İyotlu Gıdalar Tiroid Kanseri Yapar Mı?

Bizi Takip Et


Tiroid kanseri, kadınlarda erkeklere göre 3-4 kat daha fazla görülüyor. İyi huylu nodüllerde de 3 buçuk 4 santimden sonra nodül tehlikeli bir hal alabiliyor. İyi olan nodüllerin erkeklerde 4, kadınlarda 3 santimden sonra ameliyat olmaları öneriliyor.

Dünya Endokrin Cerrahi Derneği Yönetim Kurulu Üyesi Prof.
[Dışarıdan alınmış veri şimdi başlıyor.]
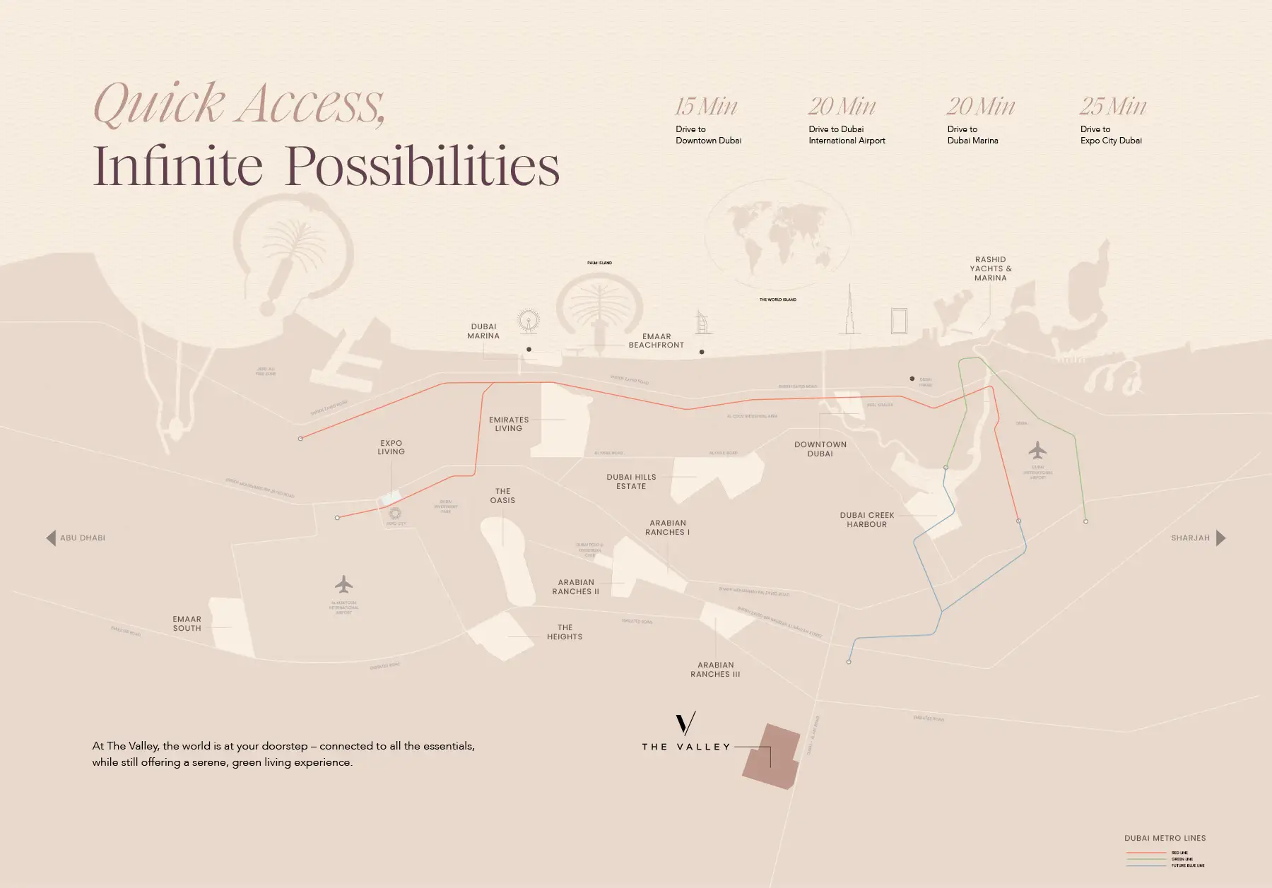 Elva is located in The Valley, offering easy access to major highways and Dubai’s key areas, ensuring convenient travel and smooth daily commutes.

Dr. Mete Düren, tiroid kanserlerinin son yıllarda artış gösterdiği hatta değişik ülkelerde ilk üçte sürekli olarak yer değiştirdiğini söyledi.

İyotlu gıdalarla aşırı beslenmenin tiroid hastalıklarına yol açtığını ve Japonya’da menünün neredeyse tamamının deniz ürünlerinden oluştuğuna dikkat çeken Prof. Dr. Düren, “Böyle bir ülkede iyot günlük ihtiyacın 4-5 misli kadar fazla alınıyor. O kadar yüksek iyodun yarattığı iltihaplanmadan da sokaktaki 100 kişiden 30’u tiroid kanseri oluyor” şeklinde konuştu.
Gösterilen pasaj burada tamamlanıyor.